Evet defalarca konuştuk ama malesef değişen bir şey olmadı. En son dün tartıştık YouTube’da komik videolar izliyodu işten geldikten sonra benimle hiç konuşmadı telefondan başını kaldırmadı en sonunda patladım yeter artık bırak şu telefonu elinden dedim bıraktı ama bıraktıktan 10 dk sonra koltukta uyuyakaldı. Sinirlerim boşaldı ağlamaya başladım sesime uyandı noldu neye ağlıyorsun dedi cevap vermedim çekti yatağa gitti ben hüngür hüngür ağlarken o huzurla uyudu
 
Onun dısında bişeylerle ilgilenenin işe gitmek arkadaş ortamı edinmek herhangi bir kurs olur başka bir hayatınızda olabileceğini anlasın
 
Çalış canım ama çok zor degıl mı kolaya alışmışsınız
 
Çalış canım ama çok zor degıl mı kolaya alışmışsınız
Ben çalışmaya 18 yaşında başlamış biriyim.
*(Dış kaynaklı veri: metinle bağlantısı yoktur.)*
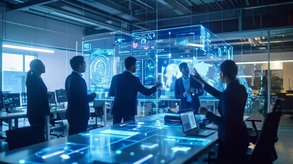 Collaborative Team Meeting With Global Digital Network Interface Videos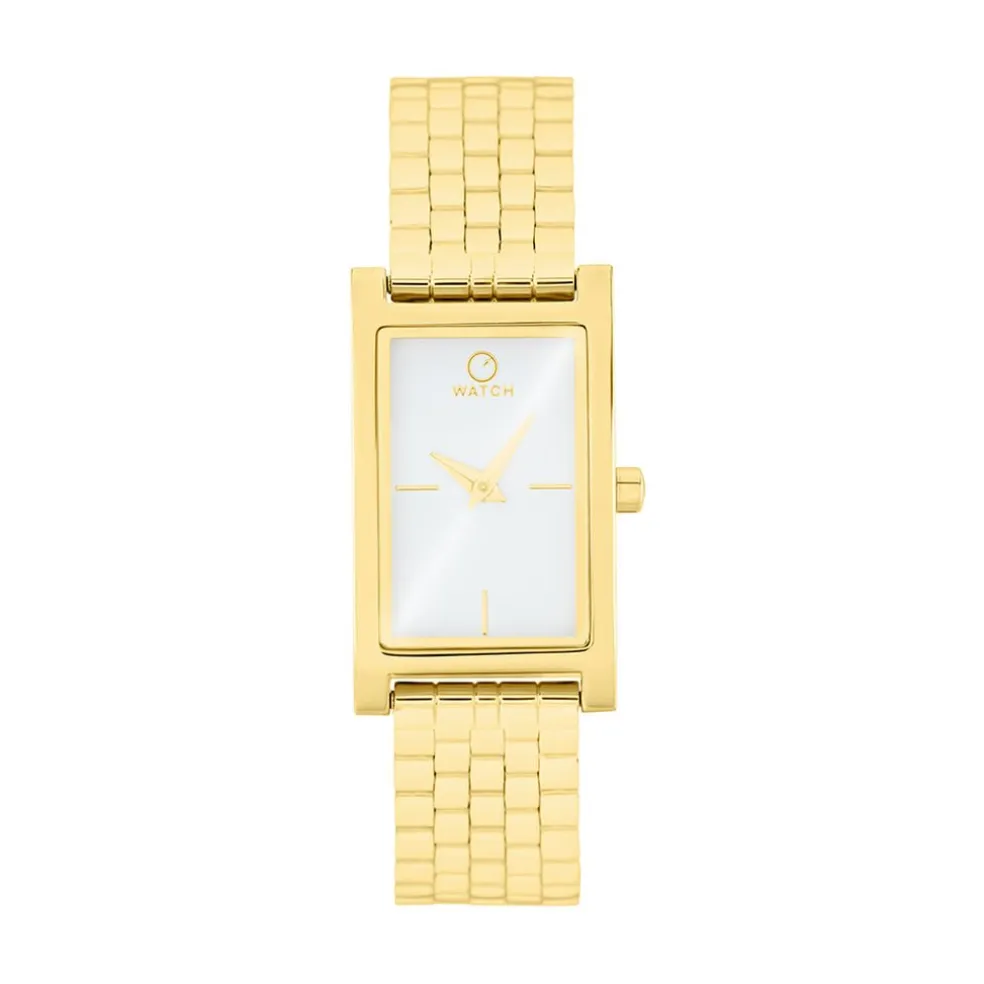 Montre O Watch Oblong Alliage Dore Rectangulaire Quartz 19mm Fond Blanc Bracelet Maillons Acier Dore P101008-h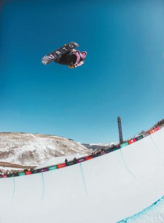 当地时间2月29日,蔡雪桐在比赛中。当日,在美国科罗拉多州韦尔滑雪场进行的美国公开赛单板滑雪U型场地比赛中,蔡雪桐获得女子组冠军。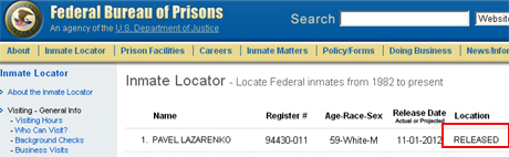 Водночас Бюро тюрем США офіційно повідомляє тільки про звільнення Лазаренка з тюрми Terminal Island, де закінчився термін його ув'язнення.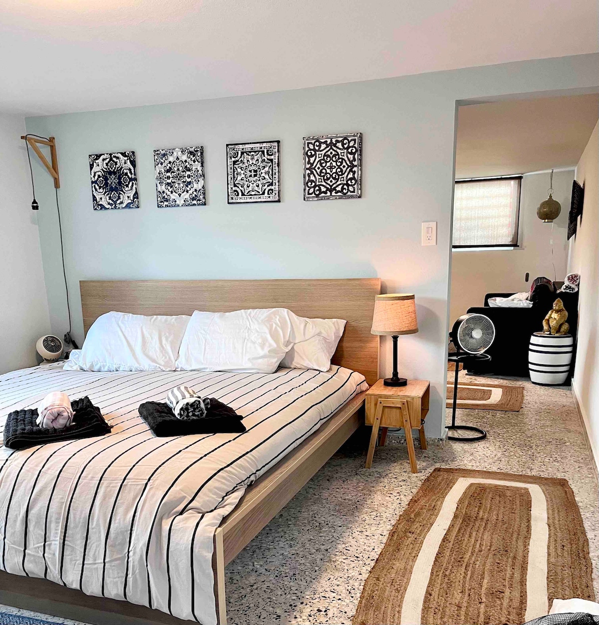 A 1 milla de la ciudad y las playas. - Tranquilo y tranquilo, perfecto para parejas y amigos que viajan. Unidad privada recién renovada con un ambiente boho-chic con suelos de hormigón pulido y cama loft +cómoda saca el sofá Relájate con el sonido de las ranas coqui, los grillos y un cielo lleno de estrellas desde las hamacas del porche. El espacio compartido para 2 unidades incluye cocina moderna equipada con Vitamix, lavavajillas, rincón para comer y trabajar, ducha caliente al aire libre, hamacas de porche, sofá de dos plazas, estante para tablas, uso gratuito de mis 2 SUP'S.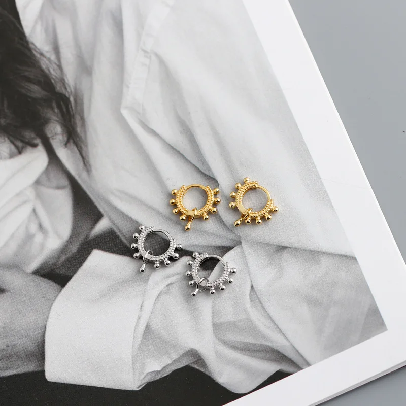Женские и мужские круглые серьги-кольца с бусинами из настоящего серебра 925 пробы в минималистическом стиле в стиле панк и рок, Подарочные ювелирные аксессуары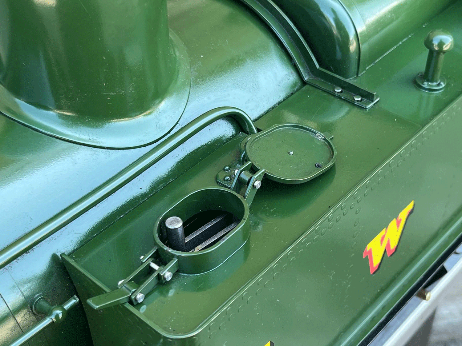 There's a crosshead pump fitted with footplate mounted bypass valve and of course a hand pump in the tank. There is also a steam valve for an injector, so it wouldn't take much at all to plumb on in for you if you'd like. Lubrication is simple displacement type,.... the addition of a simple sight feed regulator in the footplate would be a definite improvement, but again, as it stands it does work and will run and work well enough in it's current format, and can of course come with fresh hydraulic and steam tests.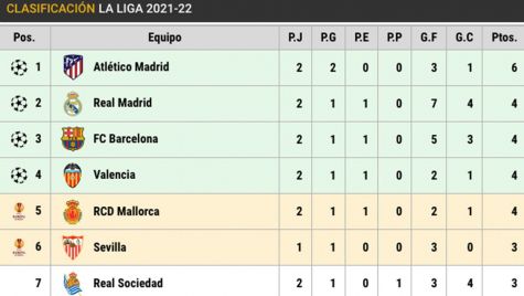CONSULTA LA CLASIFICACIÓN DE LALIGA 2021-22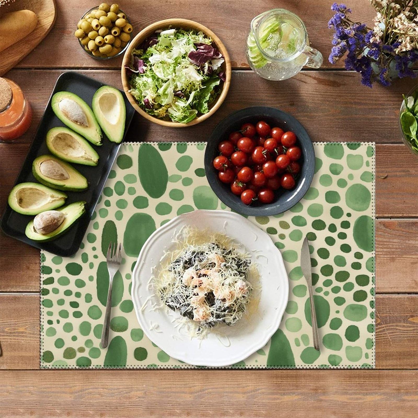 Fabriqué à partir d'un mélange exquis de fibres de PVC et de polyester, notre tapis d'assiette en PVC offre une durabilité exceptionnelle et est conçu pour résister aux rigueurs d'une utilisation quotidienne. Utilisation polyvalente : idéal pour toute occasion de salle à manger, ces sets de table en PVC résistants à la chaleur protègent votre table et améliorent votre décoration, que ce soit dans la cuisine ou la salle à manger. Sets de table ronds antidérapants blancs à pois verts pour table de salle à manger, décoration de cuisine, 38,1 cm ; 1 Piece. €4.46 ; 4 Pieces. €12.50 · €3.13... Que vous organisiez un dîner, que vous profitiez d'un repas en famille ou que vous recherchiez simplement une touche d'élégance quotidienne, ces sets de table de salle à manger ne manqueront pas d'impressionner. Ils peuvent être découpés à n'importe quelle taille ou forme pour s'adapter parfaitement à votre table, sans ourlet grâce à leurs bords qui ne s'effilochent pas. Un côté de ce set de table en PVC dispose d'une impression vibrante et en couleur qui apporte vie et personnalité à votre table. Pour ceux qui aiment personnaliser leurs accessoires de maison, vous apprécierez la possibilité de personnaliser ces sets de table. Ajustement personnalisé : coupez nos sets de table à la taille unique de votre table sans les tracas de l'effilochage des bords. L'envers reste une couleur blanche fixe, offrant une polyvalence et un look épuré et classique qui convient à tout décor. Nos sets de table ronds sont plus qu'un simple essentiel pour la salle à manger, ils sont une déclaration de style. Lot de 4 sets de table lavables résistants à la chaleur et Set De Table Vert Original Antidérapant Lavable Sets De Table IPEA 45x30cm - 6 Pièces, PVC Lavable, Anti-Taches, Antidérapant, Beige Tovagliette Americane Set De Table Vert Extérieur Entretien simple : nos sets de table sont lavables sans effort, assurant une expérience de repas propre à chaque fois.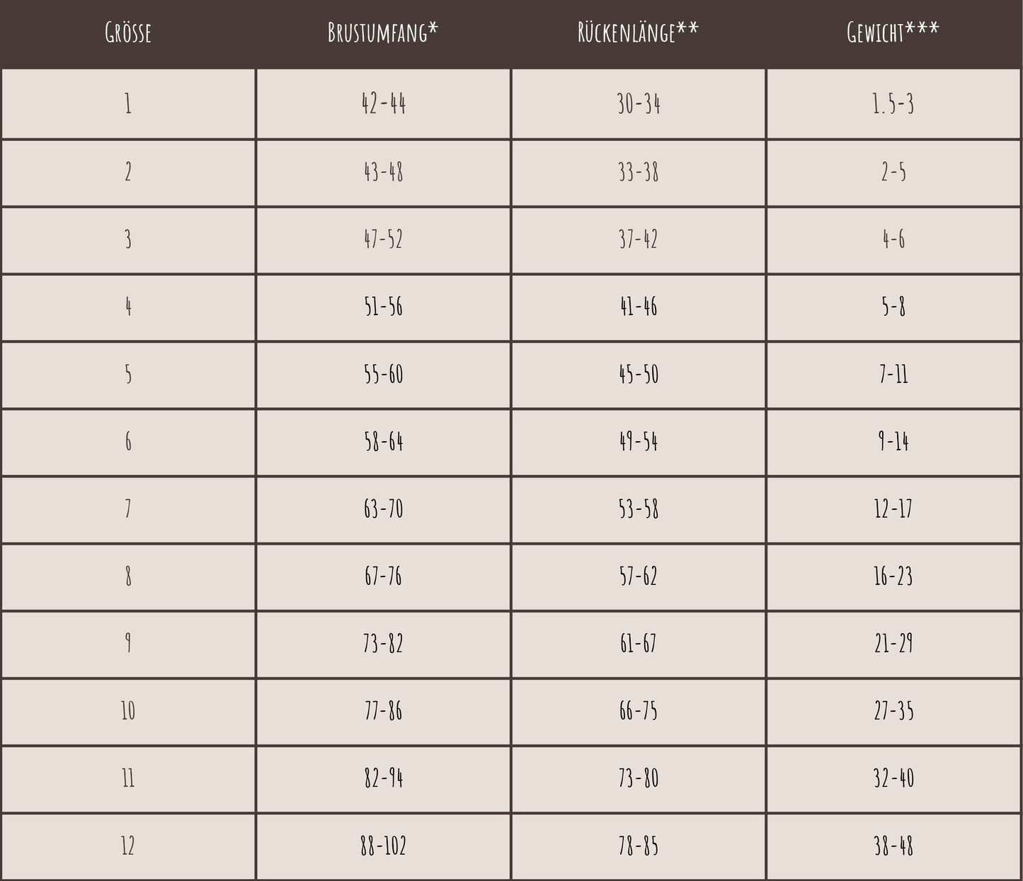 * BRUSTUMFANG an der breitesten Stelle messen.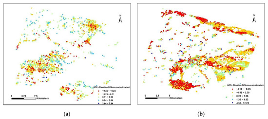 Distribution and elevation differences of GCPs of (a) GF-7 DSM and (b) GFDM DSM in the study area.
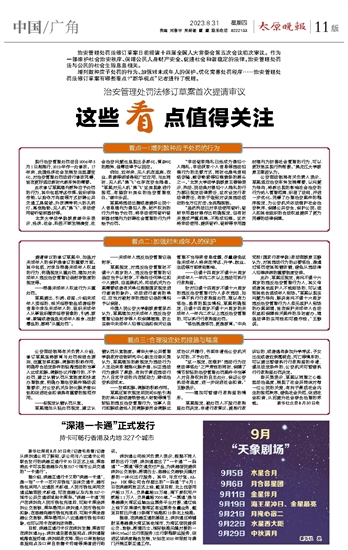 公安部法制局有关负责人表示,草案适应治安形势发展需要,以问题为导向,将新出现的影响社会治安的行为纳入管理范围,织密了法网,并进一步优化、完善了办理治安案件的程序规定,为公安机关依法维护社会治安秩序,保障公共安全,保护公民、法人和其他组织的合法权益提供了更为完善的法律保障。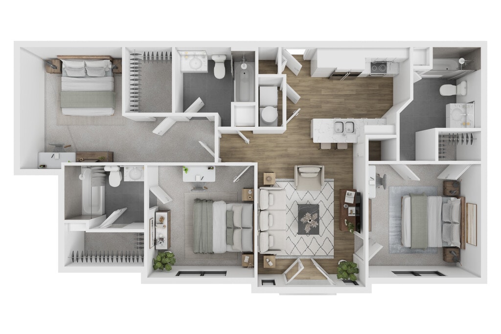 Modelo de apartamento: C1Desde $8153 Dormitorios, 3 Baños, 1200 sq ftDisponible Ahora![]()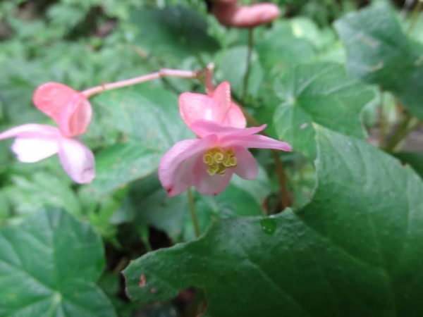 - 粉紅色至紅色,雌雄同株異花,呈聚繖花序排列

Üniversite zamanlarımda çalışmaya başladım hem okudum hem çalıştım. Evlenene kadar da çalışıyordum evlenince iş yerim evime çok uzak olduğu için ayrılmak zorunda kaldım. Sonra da eşimle olan problemler ve sağlık sorunlarım nedeniyle bir süre çalışamadım. Eşimin maddi durumu çok iyi kolaya alışmış biri olsam şuan iş aramam evde oturur koca parası yerim. Çalışmayı zor gören veya kolaya alışmış biri değilim yani.
 

Bunun bencillikten öte başka boyutları da var. Mesela şuan çocuksuz olarak bile boşanmayı maddi açıdan kaldıramayacağınızı söylüyorsunuz. (Kaygınızı anlıyorum, dediğiniz gibi bir kira zaten asgari ücret kadar olmuş.) Çocuk ile boşanma işini hayal edin bir de. Bakıcı tutsanız, o da bir asgari ücret kadar. İnanın çocuk sadece bez, mamadan ibaret değil. Vitamin, takviye vs kullanıyorsunuz. İyisi olsun istiyorsunuz. Hasta oluyor, her ilaç Devlet tarafından karşılanmıyor, özel reçete alıyorsunuz. Acil durumu oluyor, sıra beklememek veya çocuğun canını çok yakmamak için özel hastanelere koşuyorsunuz. Diş çıkarıyor, granüller almak istiyorsunuz, ek gıdaya geçiyor, organik yesin istiyorsunuz. Deterjanı , kremi, şampuanı vs hep iyisinden olsun istiyorsunuz. Ya o kadar çok şey var kii. Anne olmadan anlaşılmayacak bir şey bu..
Kendi başına geçim kaygısı yaşayan insan, çocuktan sonra hayli hayli o kaygıyı yaşar. Ve emin olun , eşinize olan ihtiyacınız çocuktan sonra çok daha fazla artar.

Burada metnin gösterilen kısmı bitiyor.